*** Opening Material to process ***

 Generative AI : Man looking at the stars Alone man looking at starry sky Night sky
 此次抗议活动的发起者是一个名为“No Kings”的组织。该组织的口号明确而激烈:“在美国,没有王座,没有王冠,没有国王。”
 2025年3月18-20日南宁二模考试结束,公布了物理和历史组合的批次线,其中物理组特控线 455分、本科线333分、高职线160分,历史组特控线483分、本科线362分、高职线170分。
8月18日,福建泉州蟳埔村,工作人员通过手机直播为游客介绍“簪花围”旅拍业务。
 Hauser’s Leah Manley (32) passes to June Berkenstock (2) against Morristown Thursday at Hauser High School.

*** Closing Material to process ***
*** Opening Material to process ***

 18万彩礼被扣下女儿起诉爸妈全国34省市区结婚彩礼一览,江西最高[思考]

*** Closing Material to process ***
*** Opening Material to process ***

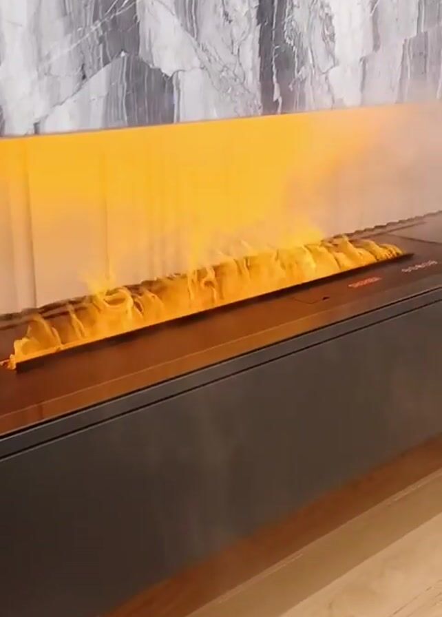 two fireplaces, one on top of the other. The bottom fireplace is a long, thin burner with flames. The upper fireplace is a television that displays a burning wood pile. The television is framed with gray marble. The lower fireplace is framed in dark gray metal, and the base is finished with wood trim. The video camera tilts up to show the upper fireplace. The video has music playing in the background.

*** Closing Material to process ***

The answer is the run of lines above from the line containing "Generative AI : Man" through the line containing "Hauser’s Leah Manley", copied exactly and alone.

 Generative AI : Man looking at the stars Alone man looking at starry sky Night sky
 此次抗议活动的发起者是一个名为“No Kings”的组织。该组织的口号明确而激烈:“在美国,没有王座,没有王冠,没有国王。”
 2025年3月18-20日南宁二模考试结束,公布了物理和历史组合的批次线,其中物理组特控线 455分、本科线333分、高职线160分,历史组特控线483分、本科线362分、高职线170分。
8月18日,福建泉州蟳埔村,工作人员通过手机直播为游客介绍“簪花围”旅拍业务。
 Hauser’s Leah Manley (32) passes to June Berkenstock (2) against Morristown Thursday at Hauser High School.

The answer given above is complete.